*Exercise requirements*:
Write back, word for word, the lines from the one containing "Aprende a crear" to the end of the listing below. Include nothing else, and no pictures.

*The data*:
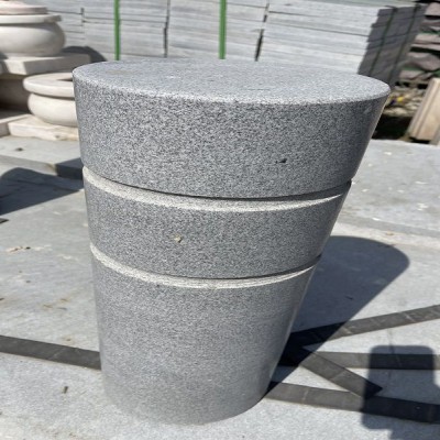 圓柱形羅田芝麻灰車擋柱,外表光面,工藝精湛,造價略高。
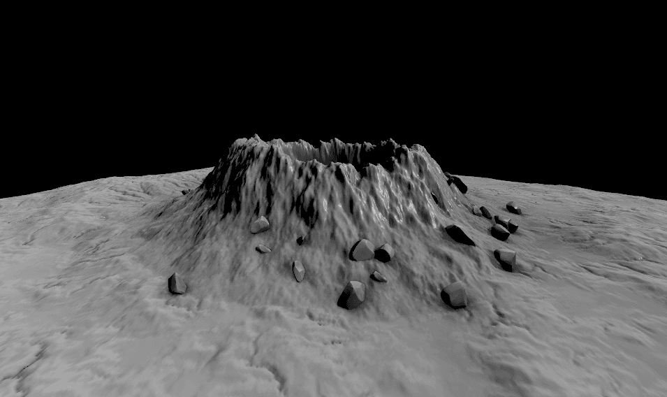 Aprende a crear un terreno erosionado con un cráter central usando heightfields y herramientas de desplazamiento procedural en Houdini.
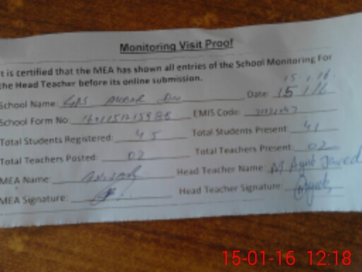 | Certified that this School was Inspected by the Undersigned MEA/DMO Today and the Information Stated Above is as Per Record. | |||||
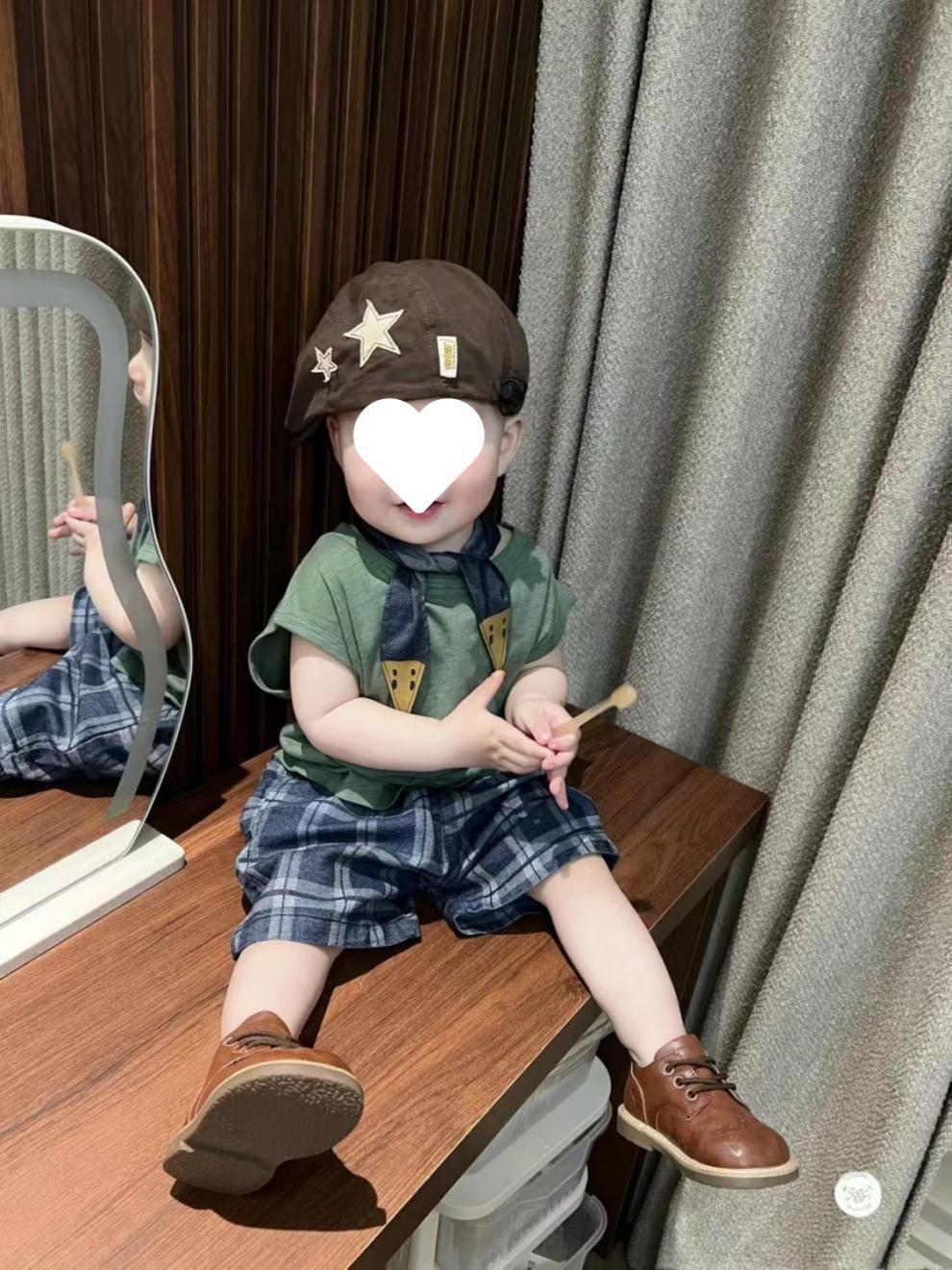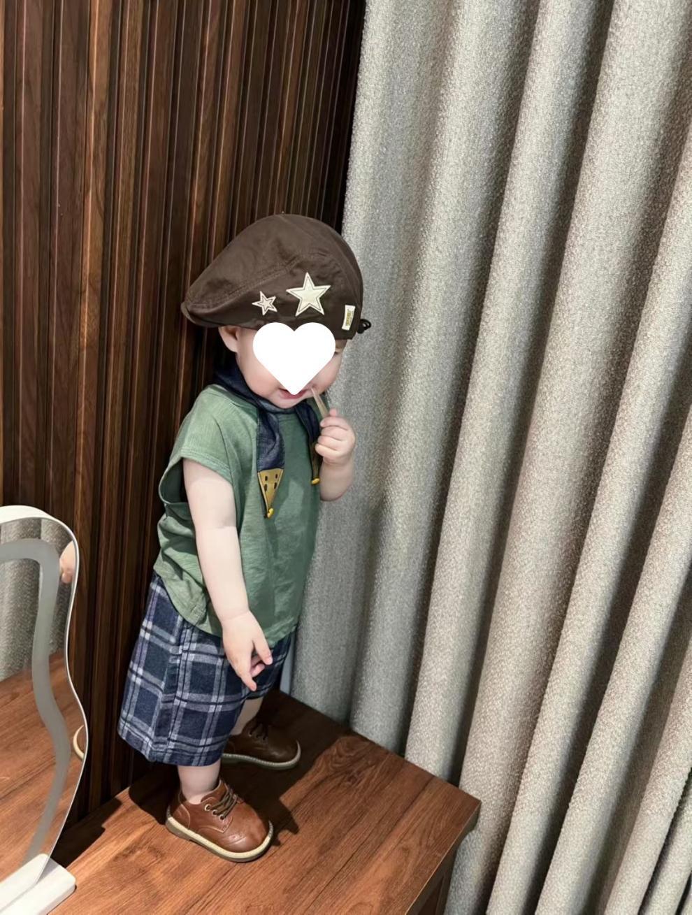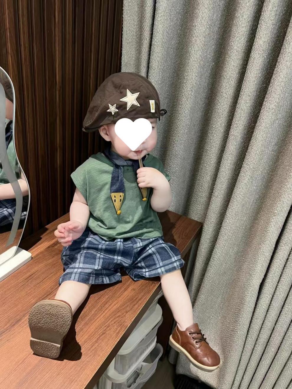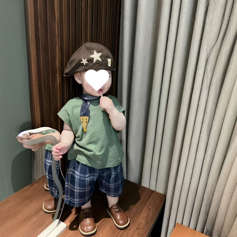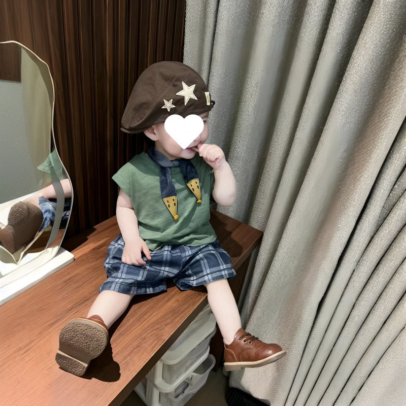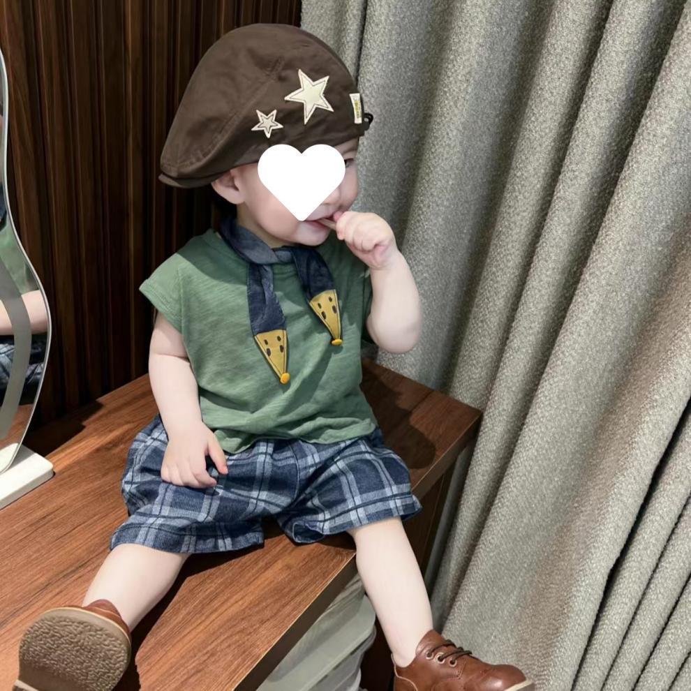 소년 베이비 슈트 여름 어린이 소녀 반바지 민소매 조끼 격자 무늬 반바지 투피스 세트 유행 0079A017

*Exercise result*:
 Aprende a crear un terreno erosionado con un cráter central usando heightfields y herramientas de desplazamiento procedural en Houdini.
 | Certified that this School was Inspected by the Undersigned MEA/DMO Today and the Information Stated Above is as Per Record. | |||||
 소년 베이비 슈트 여름 어린이 소녀 반바지 민소매 조끼 격자 무늬 반바지 투피스 세트 유행 0079A017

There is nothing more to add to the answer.